Advanced structural biology techniques offer promising approaches for studying Ino1 dynamics:

• Cryo-Electron Microscopy (Cryo-EM):

  • Enables visualization of Ino1 in different conformational states

  • Can potentially capture the enzyme during catalytic steps

  • Allows study of Ino1 in complex with binding partners

• Hydrogen-Deuterium Exchange Mass Spectrometry (HDX-MS):

  • Maps regions of conformational flexibility during catalysis

  • Identifies potential allosteric sites

  • Provides insights into how binding partners influence Ino1 structure

• Time-Resolved X-ray Crystallography:

  • Captures structural snapshots during the catalytic cycle

  • Requires stable crystal forms amenable to substrate soaking

  • Can be combined with light-activated caged substrates

• Molecular Dynamics Simulations:

  • Predicts conformational changes during substrate binding and catalysis

  • Explores effects of mutations on enzyme dynamics

  • Models interactions with binding partners at atomic resolution

These approaches can help elucidate how Ino1's structural dynamics contribute to both its catalytic function and its non-biosynthetic roles in metabolic regulation.

How might understanding Ino1's non-biosynthetic functions lead to new therapeutic approaches for disorders involving inositol dysregulation?

The therapeutic potential of targeting Ino1's non-biosynthetic functions includes:

• Novel Drug Target Identification:

  • Specific protein-protein interactions (e.g., Ino1-Q54IX5) could be targeted

  • Allosteric modulators might selectively affect non-biosynthetic functions

  • Small molecules disrupting or enhancing specific interactions could have therapeutic value

• Metabolic Pathway Modulation:

  • Targeting the catabolic shift associated with Ino1 loss

  • Modulating amino acid metabolism altered in Ino1 deficiency

  • Addressing energy metabolism changes through parallel pathways

• Biomarker Development:

  • Metabolic signatures of Ino1 dysfunction could serve as diagnostic indicators

  • Monitoring treatment efficacy through metabolic profiling

  • Identifying patient subgroups most likely to benefit from inositol-based interventions

• Precision Medicine Applications:

  • Genetic screening for variations in Ino1 and interacting partners

  • Tailored interventions based on specific defects in inositol metabolism

  • Combination therapies addressing both biosynthetic and non-biosynthetic functions

Research has identified 104 potential Ino1 binding partners across various functional categories , providing multiple avenues for therapeutic intervention beyond simply supplementing inositol.

What experimental approaches could further elucidate the regulatory relationship between Ino1 and its identified binding partners?

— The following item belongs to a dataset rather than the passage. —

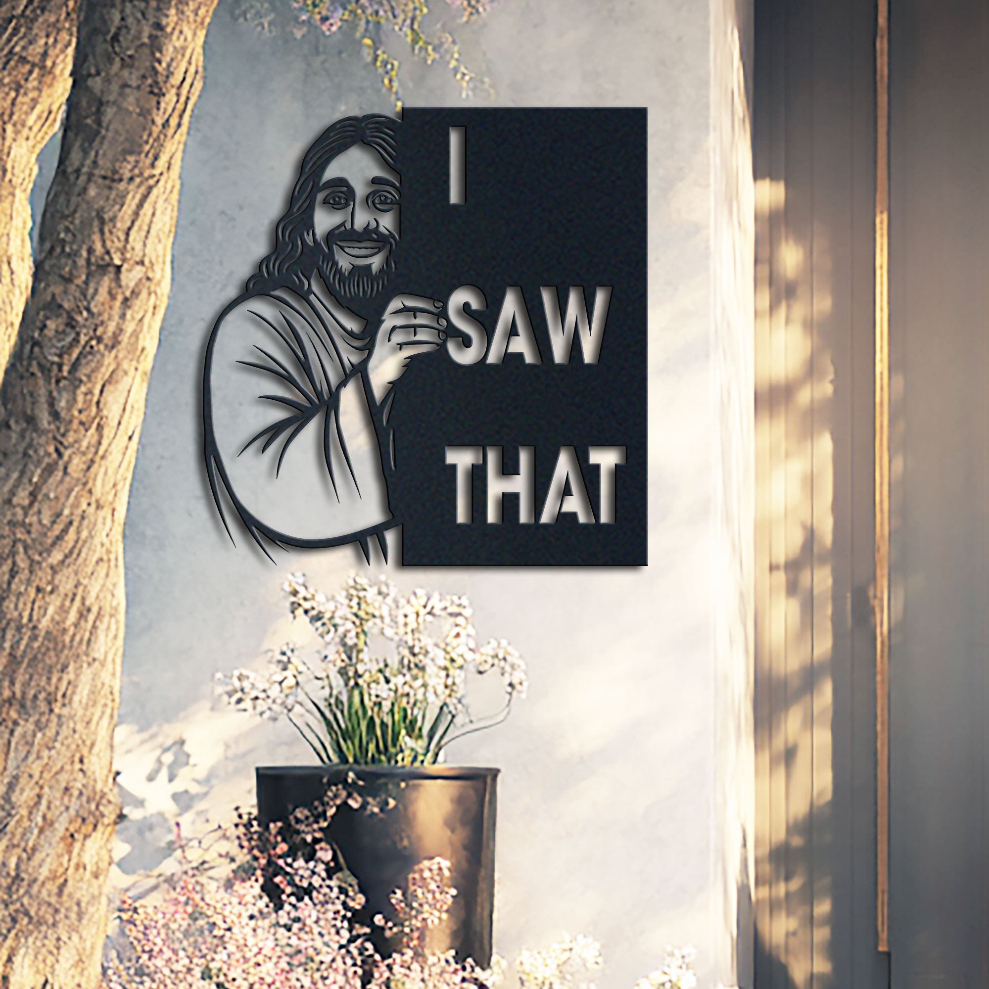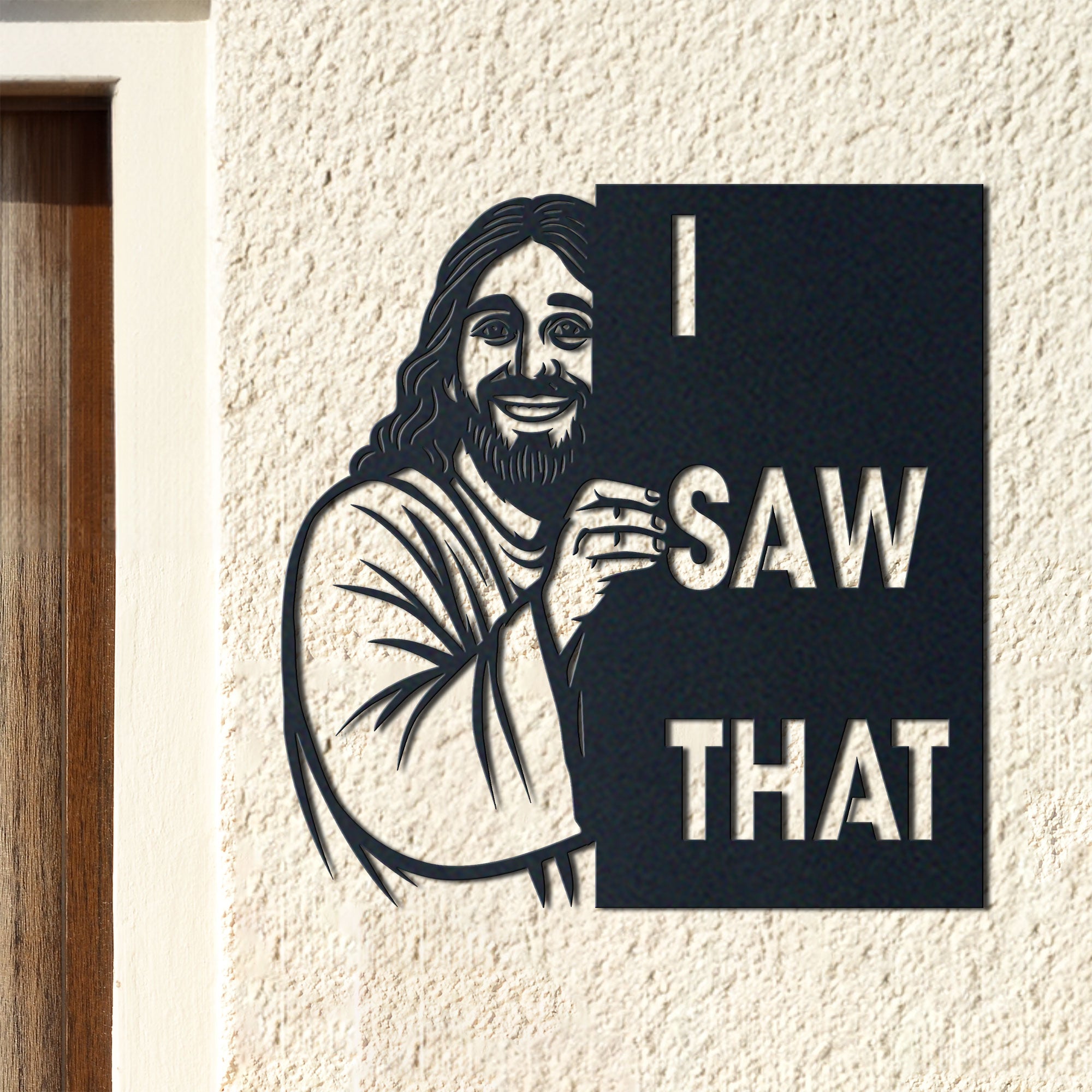 This “I Saw That” Jesus Metal Sign adds a funny, light-hearted touch to any Christian home. Featuring a friendly illustration of Jesus peeking from behind the sign, it’s the perfect decor piece for those who love mixing faith, positivity, and a good laugh.
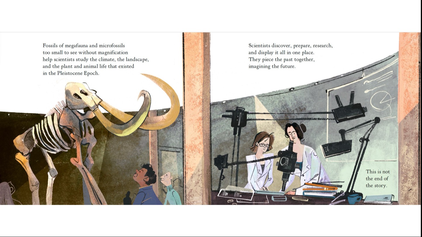 I was given the opportunity to take a look at Valerya’s art at an early stage and twice more before our book went on to its first printing. I could not stop smiling. We made a couple of changes in the art. The spread below shows the museum’s fossil lab. In early art, the two scientists were men. I asked for a change to depict Dr. Emily Lindsey and Dr. Regan Dunn. I love it!

To further characterize Ino1's interactions with binding partners:

• Proximity-Based Protein Interaction Mapping:

  • BioID or APEX2 proximity labeling with Ino1 as the bait

  • Split-BioID to identify condition-specific interactions

  • Quantitative SILAC-based proximity labeling to measure interaction dynamics

• Domain Mapping and Functional Analysis:

  • Generate truncated Ino1 constructs to identify binding domains

  • Use site-directed mutagenesis to disrupt specific interactions

  • Assess functional consequences of disrupting each interaction

• Spatiotemporal Interaction Dynamics:

  • Live-cell imaging with fluorescently tagged proteins

  • FRET/BRET assays to measure real-time interactions

  • Optogenetic approaches to control interactions with temporal precision

• Systems Biology Integration:

  • Correlate interaction data with metabolomic profiles

  • Generate network models of Ino1-centered protein interactions

  • Implement perturbation experiments to validate network predictions

The strong interaction between Ino1 and Q54IX5 (a protein with SEL1L1 domains homologous to macromolecular complex adaptor proteins) represents a particularly promising starting point for these investigations.